*** Opening of DATA TO USE ***
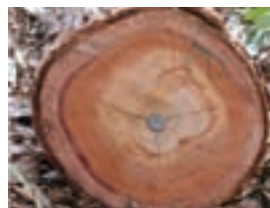
SGR1266: bottom of lowest merchantable log
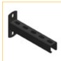
17. Wall Bracket
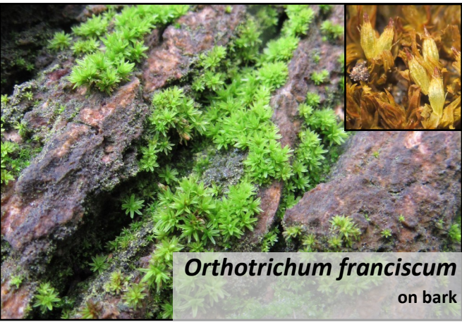
Orthotrichum franciscum on bark
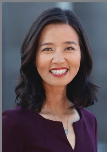
Michelle Wu Mayor of Boston

Michelle Wu is the first woman and first person of color to be elected Mayor of Boston. The daughter of Taiwanese immigrants, she serves as a dedicated caregiver to her own mother at home. Mayor Wu has been a steadfast collaborator, working in partnership with Ethos to further care,
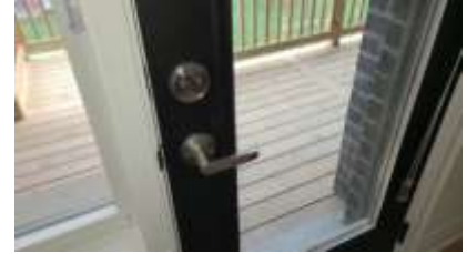
Pic. 24: Door disabled
*** Close of DATA TO USE ***
**TASK TO CARRY OUT:**
Scan the entries above for the string "Michelle" and copy each line containing it.

**TASK SOLUTION:**
Michelle Wu Mayor of Boston
Michelle Wu is the first woman and first person of color to be elected Mayor of Boston. The daughter of Taiwanese immigrants, she serves as a dedicated caregiver to her own mother at home. Mayor Wu has been a steadfast collaborator, working in partnership with Ethos to further care,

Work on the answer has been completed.